We want to ask two key questions when analysing a new untargeted metabolomics dataset:
❓ Are the metabolomic fingerprints of our classes (treatment groups) different from eachother?
❓ Which features of the metabolomic fingerprint is causing them to be different from eachother?
To answer the first question we will use a Principal Component Analysis (PCA) which is an undirected approach (so we don’t tell the model which class each of the samples belongs to). A PERMANOVA can be used to give some corroboration of patterns observed in the PCA. If we find clear differences between classes in the PCA, then we can look at pair-wise differences between class (treatment groups) using an OPLS-DA (this stands for orthogonal projections of latent structures - directed analysis).
⚠️ An OPLS-DA will accentuate the differences between any two classes, to the point where you can often “find” what looks like a strong difference between two randomly assigned classes. For this reason it is very important to run a PCA first and to have good biological justification for why you are comparing two particular classes.

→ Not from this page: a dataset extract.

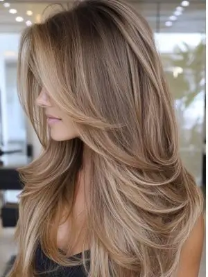 It complements medium to darker skin tones, adding vibrancy and glow. When paired with a balayage technique, it creates a natural “sun-lit” effect that looks effortless. Many celebrities choose this shade for its red-carpet appeal.
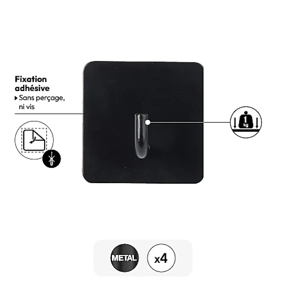 4 patères adhésives « Stiky » 4,5×2,7cmDimensions : L. 4.5 x P. 2.7 x H. 4.5 cmColoris : NoirMarque : 5 five simply smart

Here we will show how to perform these analyses using a free online platform (Metaboanalyst) and how to run some alternative code in R. The advantage of running the code is that you can integrate it with other analyses (and formatting for figures etc) but Metaboanalyst guides you through the process and has some handy sense-checks along the way.
It is also possible to analyse the same peak tables using SIMCA (Umetrics) or other proprietary softwares. However, it is much harder (and more costly) to use these remotely, and it is harder to document your analysis for sharing with other researchers.